It's been approximately 1,000 years since our last link roundup. It's always tough to keep up with news during Oscar season when more important things (shiny gold statues!) are on the mind.
• Variety Disney is shifting release strategies and dates again for Black Widow, Luca, and Cruella among others. We're disappointed that Adrian Lyne's long awaited return with erotic thriller Deep Water is now a 2022 movie (that's well over a full year since it was first supposed to come out.)
• IndieWire meanwhile Warner Bros announces that it will end the opening simultaneously on HBOMax treatment for its new movies starting in 2022 which will play in theaters for 45 days first. (We're guessing the people behind Dune are pissed that this doesn't apply to them) since none of their deals imagined a non-theatrical world.
• Towleroad Lady Gaga has already upset the woman she's playing in Ridley Scott's Gucci biopic
More after the jump including Oscar Isaac, Helen Mirren, Elliot Page, Steven Spielberg, and Clint Eastwood...
• /Film as you may have heard Steven Spielberg is making a drama inspired by his own childhood. Michelle Williams will be playing his sort of mother and Seth Rogen his sort of uncle.
• MNPP Oscar Isaac doing some fight training for Moon Knight
• Deadline Helen Mirren joins the Shazam franchise as a villain
• Time Elliot Page is on the cover of Time magazine
• /Film Clint Eastwood has a new movie called Cry Macho that's due in October. His movies haven't been big at the Oscars in a while but you never know.
• Coming Soon The DC Universe has snatched up fresh Oscar nominee Emerald Fennell (Promising Young Woman) to write one of their upcoming superhero films, Zatanna
• Deadline Naomie Harris and Chiwetel Ejiofor are headlining a reworking of the David Bowie picture The Man Who Fell to Earth, this time as a series on Showtime. Ejiofor has the alien role.
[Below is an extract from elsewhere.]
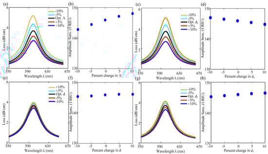 To investigate fabrication tolerance, the dependence of the sensing parameters is examined by varying all the structural parameters of the PCF sensor within ±10% of the optimized value. Figure 9a,b shows loss spectra and amplitude sensitivity, respectively, for the change in pitch. All air hole diameters depend on the pitch, so a reduction in pitch results in the opening of the leakage path. Therefore, a reduced pitch leads to an increment of confinement loss and vice versa. For example, as the pitch is reduced by −10%, the peak loss increases by about 40%. Since the resonant wavelength remains unchanged, the wavelength sensitivity stays unaffected by the change in pitch. However, the amplitude sensitivities are altered significantly by the alteration in pitch. For example, the amplitude sensitivity increases by 1.48% for the increase in pitch by +10%. Another structural parameter ds plays an important role in the sensing performance, as shown in Figure 9c,d. The air hole diameter ds regulates the evanescent wave that interacts with the plasmonic material. The smaller size of ds leads to a larger leakage path and more light to interact with the analyte. Thus, the energy transfer increases from the fundamental modes to the plasmonic modes for the reduction in ds. For example, the peak loss at the resonant wavelength rises by 36% from the optimum due to the −10% decrease in ds. Additionally, the amplitude sensitivity increases by only 0.72% for the −10% decreases in ds. However, the wavelength sensitivities are unchanged due to the change in ds, similar to the case of pitch change. The effect of air hole diameter d is shown in Figure 9e,f, and that of air hole diameter d1 is shown in Figure 9g,h. As one can see from Figure 9e–h, the effect of the change in parameters d and d1 is not significant because these parameters can hardly affect the leakage path. Therefore, peak loss and the resonant wavelength are almost the same, which leads to no noteworthy change in the wavelength and amplitude sensitivities.

• Out LGBTQ holiday romcoms won't just be a one year thing. Single All The Way announced for 2021 on Netflix.
A Bit on Box Office
• IndieWire Interesting details on what's hot on various streaming services but we object to the very misleading picture painted about both theatrical box office and Netflix. The article posits that Oscar nominations mean nothing to consumers while failing to note that no Netflix titles suddenly resurge for any reason really after their initial week. The nature of Netflix is that you're only hot for your first week (or two if you're lucky). What's more the coasts and big urban markets are the places where Oscar contenders that aren't four-quadrant titles tend to earn most of their bank theatrically and most of those markets are just not open or are just now reopening. So of course the movies are packing them in!
Finally
• Daily Beast Sean Young is speaking out again, this time against Ridley Scott but it is a bit bizarre to hear someone badmouth a production (in this case Bladerunner 2049) and reveal details of her deal while also revealing that she signed an NDA. Seems a bit dangerous legally... (doesn't that mean she shouldn't be allowed to tell us these details?) but we are not lawyers so we don't know how these things work! Anyway she's always been a fun celebrity primarly because she seems to have no filter with journalists (Barbra Streisand will not be pleased about this interview!) and was just A+ electric onscreen until that toxic affair with James Wood and subsequent legal battles sidelined her career.
Exit Videos
Here's the new trailer for Japans' Demon Slayer, now their all time box office champ. It was eligible for the Oscars this year but is getting its US release in April, R rated, with both subbed and dubbed versions. We really wish animated features would start joining live-action films in (mostly) sticking to the calendar year for their eligibility.
And the trailer for a new Joss Whedon series called The Nevers. Very excited to see Olivia Williams, Ben Chaplin, James Norton again (underutilised all). Not yet familiar with the lead Laura Donnelly but we hear she's great on stage. Hope it's good.